Output every line below as it stands, dropping only the images.

## Raw data

* * * * * * *

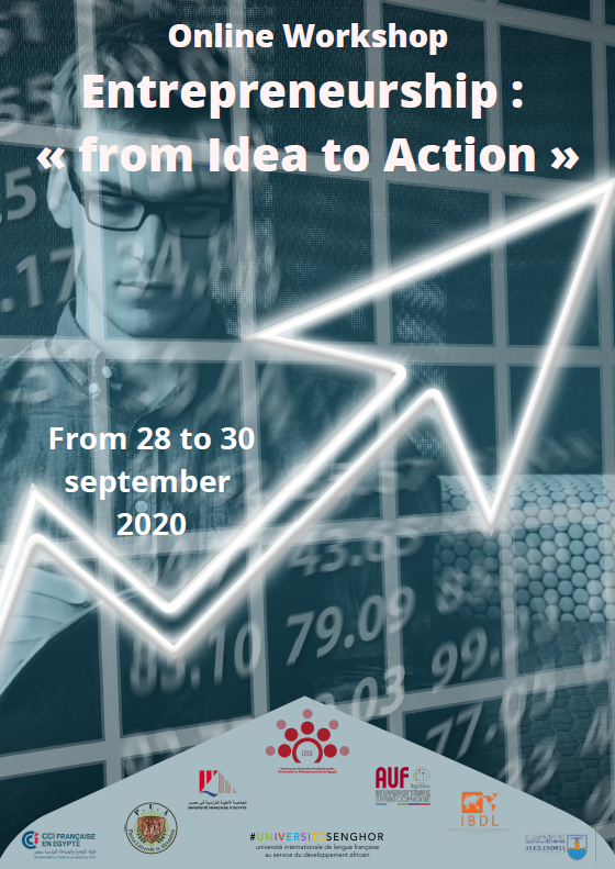 Dans le cadre du projet CIPIEE- Carrières et insertion professionnelle, innovation et entrepreneuriat en Égypte, la fondation IBDL « International Business Driving License» organise un atelier en ligne intitulé « Entrepreneurship from Idea to Action » (L'entrepreneuriat : de l'idée à l'action), les 28, 29 et 30 septembre 2020 de 10h00 à 13h30, heure d’Égypte.
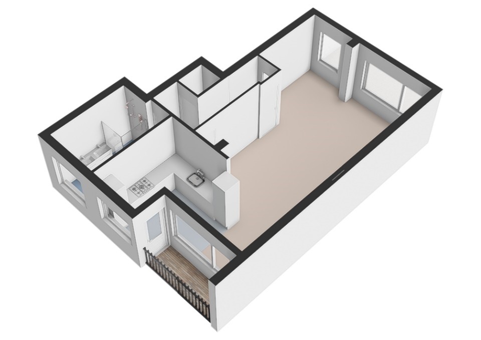 De entree van de woning bevind zich op de begane grond, na de trap is de overloop die toegang biedt tot het toilet, de woonkamer met deels open keuken en de badkamer. Op de 2de etage bevinden zich de ruime overloop, twee slaapkamers en het royale dakterras over de gehele breedte van de woning. De 3de etage heeft overloop en een slaapkamer.
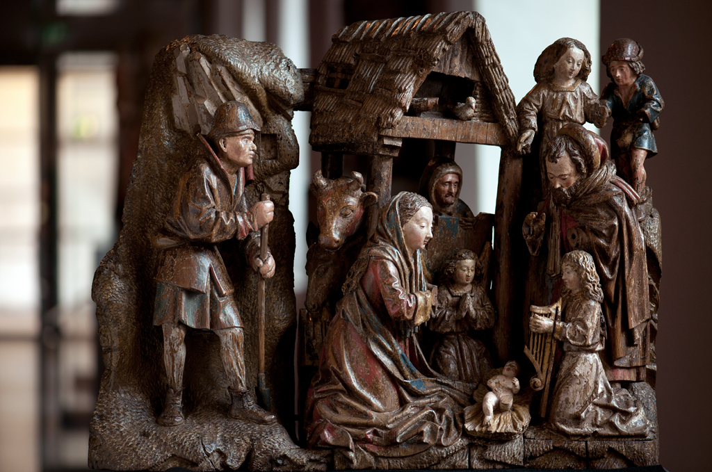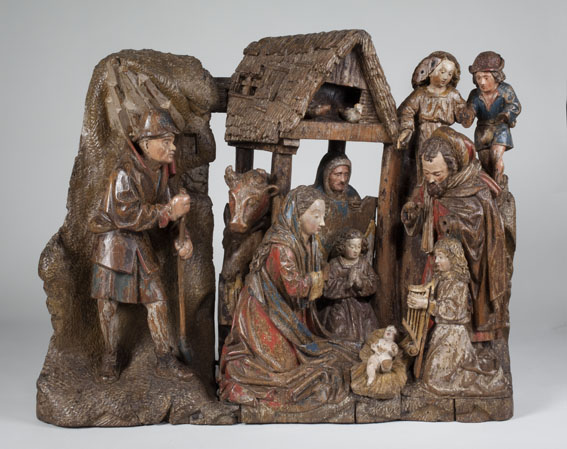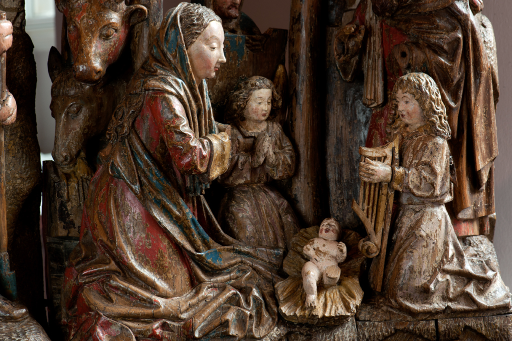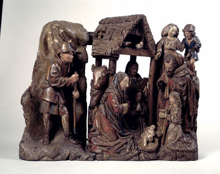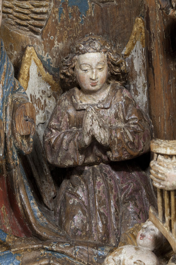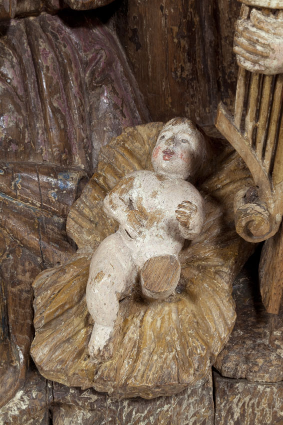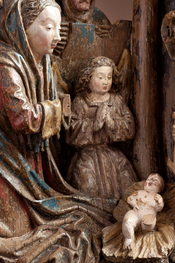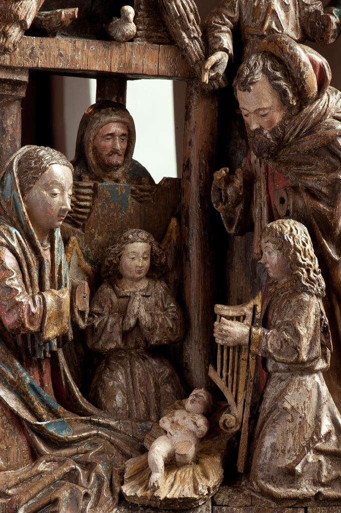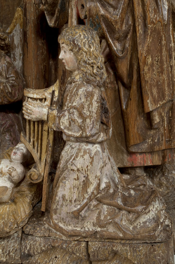 Voor een vervallen stal in het midden van de voorstelling, knielt Maria links in aanbidding neer bij het kindje, dat in het stro ligt. Ook zijn twee engelen bij het kind neergeknield. De ene, en profil rechts op de voorgrond, bespeelt een harp, die hij voor zich houdt. De andere zit schuin achter het kindje, ...

* * * * * * *

## Output for this exercise
 Dans le cadre du projet CIPIEE- Carrières et insertion professionnelle, innovation et entrepreneuriat en Égypte, la fondation IBDL « International Business Driving License» organise un atelier en ligne intitulé « Entrepreneurship from Idea to Action » (L'entrepreneuriat : de l'idée à l'action), les 28, 29 et 30 septembre 2020 de 10h00 à 13h30, heure d’Égypte.
 De entree van de woning bevind zich op de begane grond, na de trap is de overloop die toegang biedt tot het toilet, de woonkamer met deels open keuken en de badkamer. Op de 2de etage bevinden zich de ruime overloop, twee slaapkamers en het royale dakterras over de gehele breedte van de woning. De 3de etage heeft overloop en een slaapkamer.
 Voor een vervallen stal in het midden van de voorstelling, knielt Maria links in aanbidding neer bij het kindje, dat in het stro ligt. Ook zijn twee engelen bij het kind neergeknield. De ene, en profil rechts op de voorgrond, bespeelt een harp, die hij voor zich houdt. De andere zit schuin achter het kindje, ...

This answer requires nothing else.